Why is writing a dataflow program something interesting to explore in the first place?

Well, data flow programs define the program in terms of the processing steps that needs to be done on data and the dependencies between the data, making them inherently parallelizable and distributable (and in my mind, kind of the minimal essence or expression of the algorithm).

Processes only run on data when it is available, making them "event driven" (where the "event" is the availability of data...or alternatively, the data expresses an event that needs processing done on it and some output created). They are not focussed so much on the procedural steps that need to be done and the control flow of the same, but on the required transformations to the data and on data flow through the program.

What does the flow project include?

Currently, flows are defined declaratively in a text file (toml, json or yaml are supported) that is then compiled to a flow manifest, which is executed.
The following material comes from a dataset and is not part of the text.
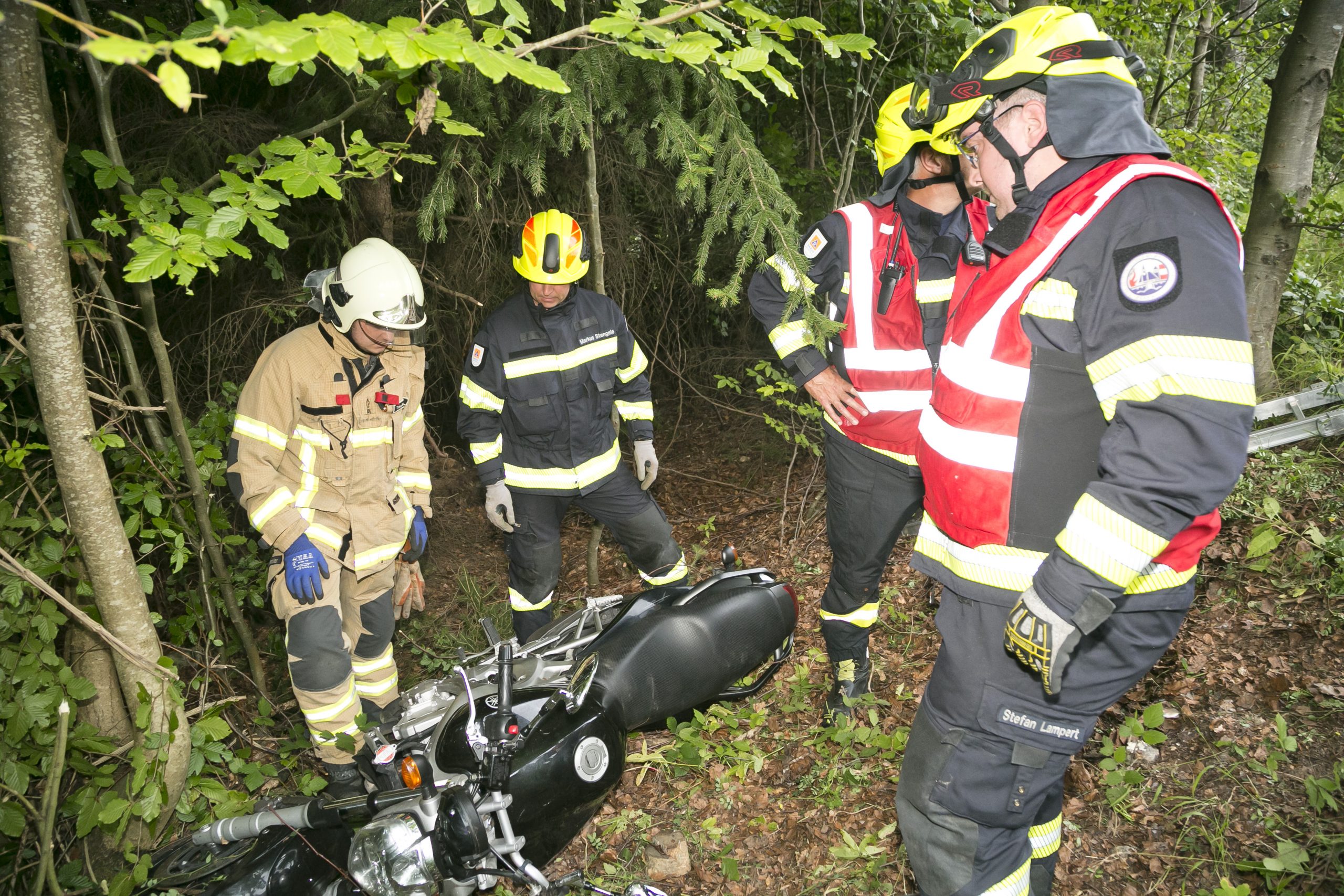 • Unfallhergang: Fahrer kam in Kurve von Fahrbahn ab, stürzte 7 Meter in Waldstück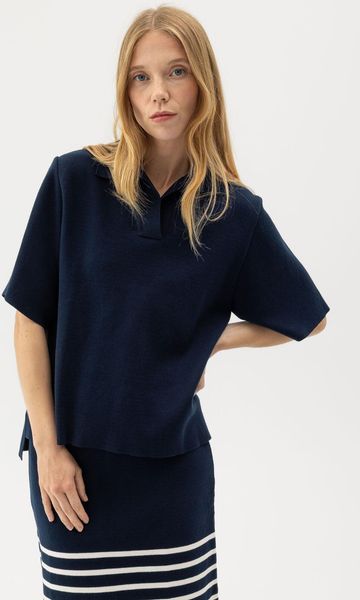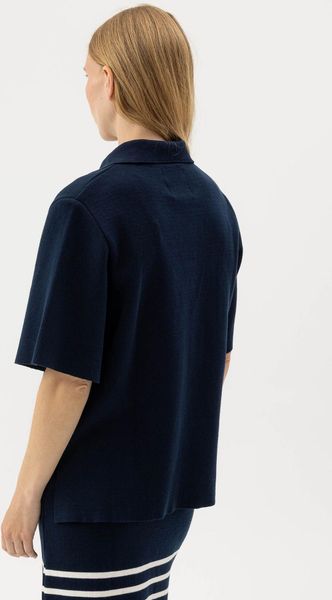 "Elegant women's polo made of wool with a relaxed fit and V-neck, sustainably produced in Europe."

The flow project includes:

  • Compiler: a library and a binary (flowclib and flowc) for compiling flows
  • Runner: a library (flowrlib) and two binaries for running flows:
    • flowrcli - default command line runner and debugger to use from a terminal
    • flowrgui - a GUI application for running and debugging flows
  • Job executor: flowrex binary can be discovered (on same machine or local network) by a runner and used to execute jobs, distributing execution in a basic fashion
  • Standard Library: flowstdlib library of pre-defined flows and functions that can be re-used in flows
  • Examples: A set of example flows to illustrate flow programming (more to come!)
    • Here is a screenshot of the mandlebrot example rendering a monochrome mandlebrot set using flowrgui

Mandlebrot set

  • The book covers defining flows, the runtime semantics, command line tool options and how to use them, the flowstdlib library functions and flows, flowrcli/flowrgui's context functions and more. It is published online here.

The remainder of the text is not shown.